If you’ve been following project Maulin’ Magnum in these pages, then you know we addressed the late model weak link, its Achilles heel, the factory rear end. We used parts by the Driveshaft Shop, Richmond Gears, and OS Giken to upgrade the rear end to be an anvil against which we can experiment. Experiment with what? Why, more power of course!

Before we get into the specifics, let’s start with the basics. An internal combustion engine at its most fun damental is an energy conversion device. Potential chemical energy in the form of fuel is introduced into the engine along with oxygen (contained in air). The fuel/air mix is oxidized (burns) and the chemical energy is converted into thermal energy. The thermal energy pressurizes one side of the engine’s pistons causing them to move and turn the crankshaft, thus converting the thermal energy into mechanical energy and movement.
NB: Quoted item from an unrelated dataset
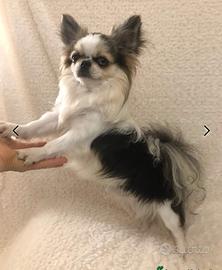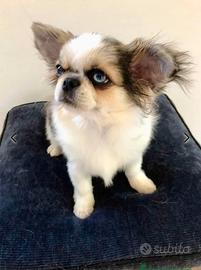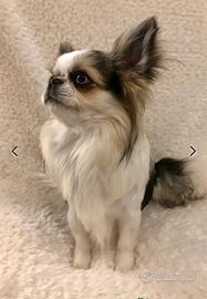Mi chiamo Prince Charmant, sono un bellissimo chihuahua a pelo lungo tricolore di piccola taglia con pedigree. Sono nato il 04.11.2023, mi hanno chiamato principe azzurro perché ho un occhio nero e un occhio azzurro, disponibile per accoppiamento.

To increase the power a given engine produces, you can improve the efficiency with which it uses its chemical fuel potential. In modern EFI engines, there’s not much room for improvement here, the engines are already highly optimized. If your engine is already highly efficient, the only way to increase power is to pump more fuel through the engine.  Of course, you can’t just pour more fuel into the engine without more oxygen with which to burn that fuel, so you have to provide both more fuel and more oxygen.

There are a few different roads we can travel to get our engines to pump and convert more fuel and air. A power adder such as a nitrous oxide system, turbocharger, or supercharger can force feed more air into the engine. Without a power adder, a normally aspirated engine can be larger (more air and fuel per cycle) and/or revved to higher RPM (more power cycles per time unit). If you stay normally aspirated (which means no power adder device) to take maximum advantage of the increased displacement and higher redline you have to modify the cylinder heads and change the camshaft and valve train components.

The cylinder heads are modified—usually by increasing the size of the intake and exhaust ports and optimizing their shape and cross section—or replaced with aftermarket pieces that feature such optimization. In order to take advantage of the changes, the camshaft is swapped to one with a profile with higher lift and changed duration and overlap to match the needs of the higher flowing heads. Valve train parts such as rocker arms and the valves themselves are often changed as well.

We already explored one power adder path last year with our three part series on nitrous oxide. Nitrous systems have two main components, a pressure bottle holding nitrous oxide—a high oxygen content gas—and plumbing to introduce the nitrous oxide and more fuel into the engine. When activated, a nitrous system introduces pressurized oxygen (contained within the nitrous oxide gas) and additional fuel (gasoline in our case) into the engine’s intake manifold.

How much extra power you produce is directly related to how much nitrous oxide and fuel you introduce. The upside to nitrous is that it is inexpensive to install (you can purchase basic systems for under $500) and can add 100+ horsepower to a late model Hemi. Downsides include the cost of nitrous refills ($5 a pound in Southern California and a bottle typically holds ten pounds) and the limited time you can make the added power before the bottle is empty.

Another way to get more air into an engine is to force it in using a mechanical device to pressurize atmospheric air and introduce it into the engine. These devices will themselves consume some power as the source of the energy needed to pressurize the incoming air. If the source of this power is from the exhaust system, then you have a turbocharger.

If the source of this power is mechanical belting or gearing to the engine, then you have a supercharger.